So take the derivative of the numerator, then the derivative of the denominator, then solve for the limit:

$\displaystyle \mathop {\lim }\limits_{t \to 9} \frac{1}{- 0.5t^{-0.5}} = \mathop {\lim }\limits_{t \to 9} -2 \sqrt {t} = -6$

3. You could also not multiply out the numerator:
$\displaystyle \lim_{x\to{9}}\frac{t-9}{3-\sqrt{t}}=\lim_{x\to{9}}\frac{t-9}{3-\sqrt{t}}\cdot\frac{3+\sqrt{t}}{3+\sqrt{t}}=\lim_{ x \to 9} \frac{(t-9)(3+\sqrt{t})}{9 - t}$
And since t-9 and 9-t are opposites, their quotient is -1, and we get that the above
$\displaystyle \lim_{x\to{9}}\frac{t-9}{3-\sqrt{t}}=\lim_{x \to 9}-(3+\sqrt{t})=-6$.

--Kevin C.

4. Originally Posted by TwistedOne151
You could also not multiply out the numerator:
$\displaystyle \lim_{x\to{9}}\frac{t-9}{3-\sqrt{t}}=\lim_{x\to{9}}\frac{t-9}{3-\sqrt{t}}\cdot\frac{3+\sqrt{t}}{3+\sqrt{t}}=\lim_{ x \to 9} \frac{(t-9)(3+\sqrt{t})}{9 - t}$
And since t-9 and 9-t are opposites, their quotient is -1, and we get that the above
$\displaystyle \lim_{x\to{9}}\frac{t-9}{3-\sqrt{t}}=\lim_{x \to 9}-(3+\sqrt{t})=-6$.

--Kevin C.
I think if we note that $\displaystyle (t-9)=-(3+\sqrt{t})(3-\sqrt{t})$ then it is easier.

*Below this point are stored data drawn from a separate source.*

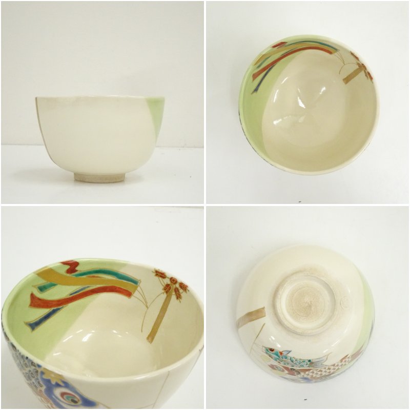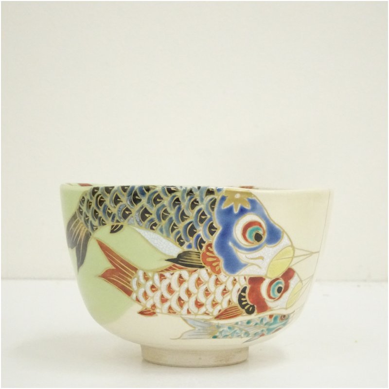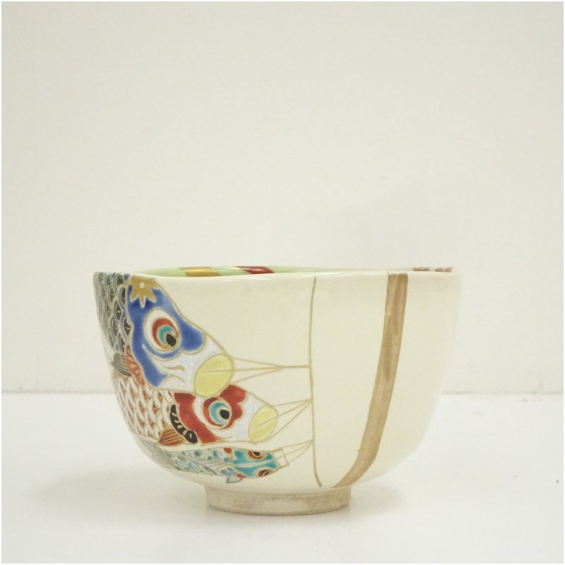京焼 森下秋彩造 色絵鯉のぼり茶碗(共箱) [13-250723c-101a]
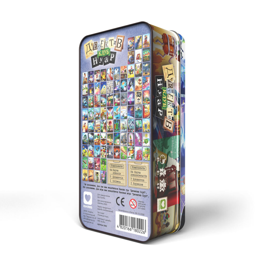 Мова: українська, мовонезалежнаДетектив Клуб: Нуар – це перше доповнення для настільної гри Детектив Клуб, що вже встигла полюбитися гравцям та оглядачам по всьому світу. Це 84 нові чудові ілюстрації, намальовані у стилі Нуар. Нові карти дозволяють істотно врізноманітнити гру.
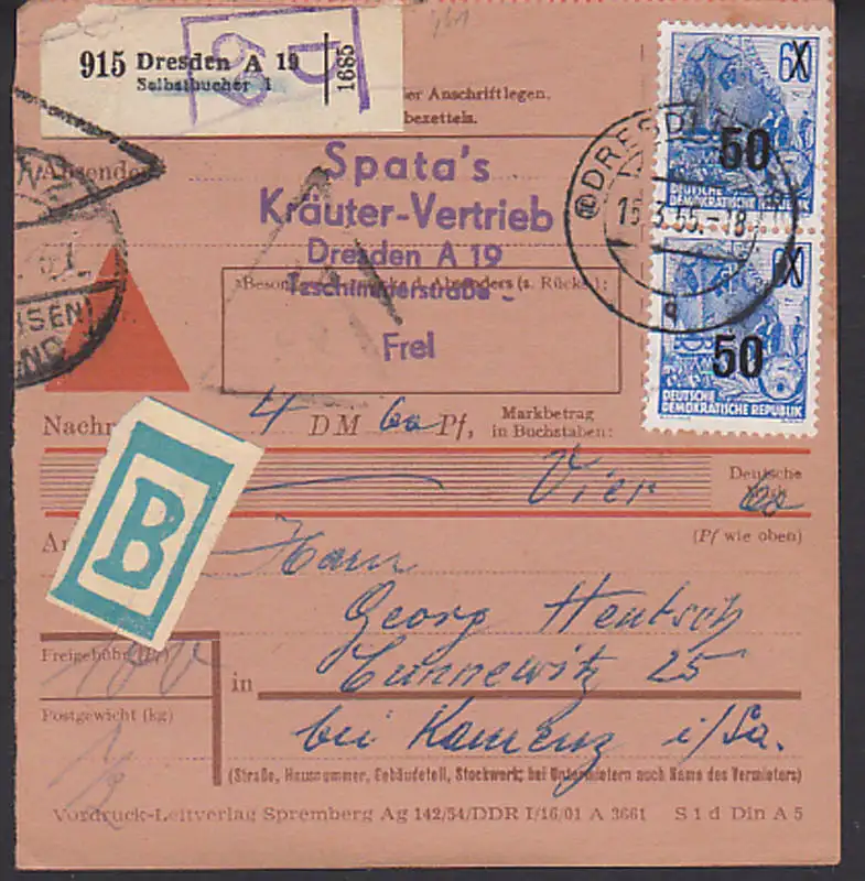 Beutelpaket mit Nachnahme aus Dresden Selbstbucher (461), selten MeF 15.3.55 nach Cunnewitz
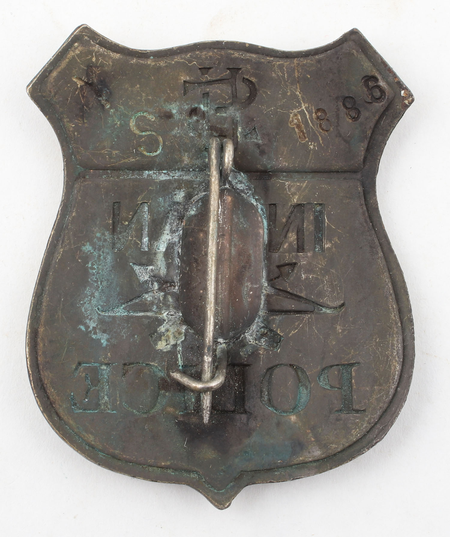 Indian Police badge dated 1886 pinback. Grade: Very Good ++ - Value: 100 to 400
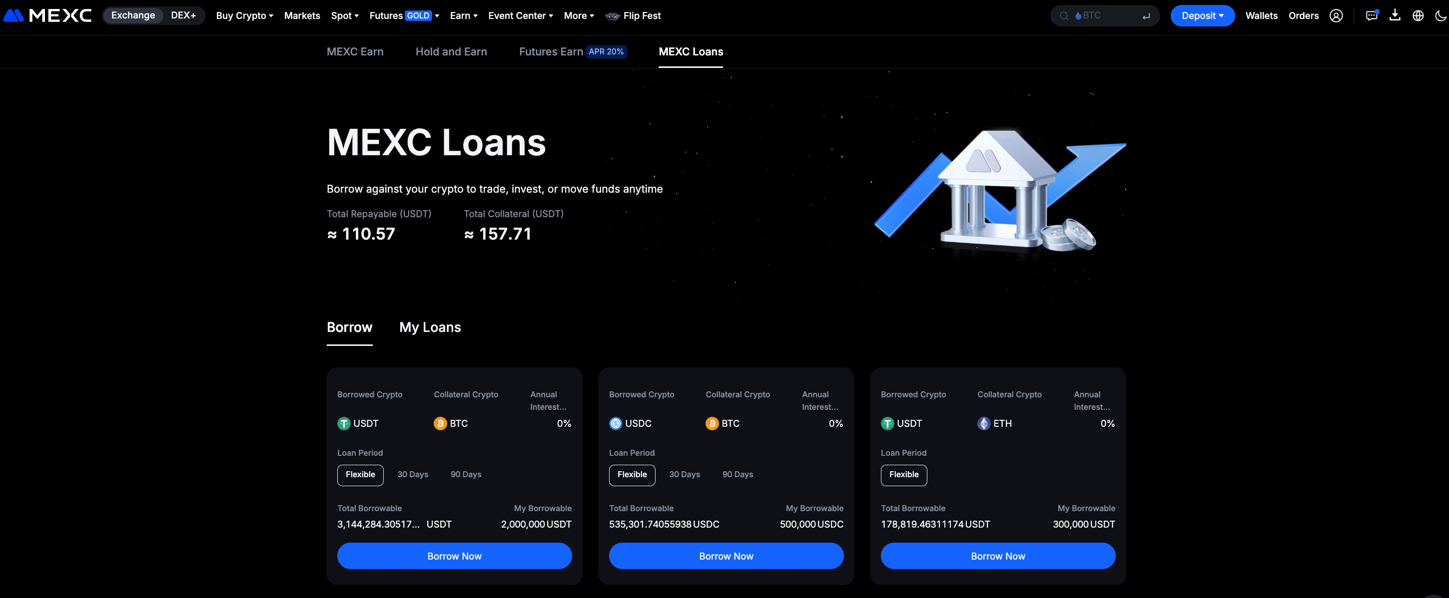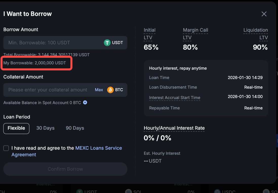 MEXC Loans là giải pháp cho vay tiền mã hóa của MEXC, cho phép người dùng thế chấp một loại tiền mã hóa để vay loại tiền mã hóa khác. Tài sản vay có thể được sử dụng cho giao dịch Spot, phái sinh, đầu

5. Thanks Kevin. I've seen that done before but I couldn't remember what to do thanks.

6. Hello, Craka!

Here's another approach . . .

$\displaystyle \lim_{t\to9}\, \frac{t - 9}{3 - \sqrt{t}}$

Factor -1 out of the denominator: .$\displaystyle \lim_{t\to9}\,\frac{t-9}{-(\sqrt{t} - 3)}$

Factor the numerator: .$\displaystyle \lim_{t\to9}\,-\frac{(\sqrt{t} - 3)(\sqrt{t} + 3)}{\sqrt{t}-3}$

Reduce: .$\displaystyle \lim_{t\to9}\,-(\sqrt{t} + 3)$

Evaluate: .$\displaystyle -(\sqrt{9} + 3) \;=\;-6$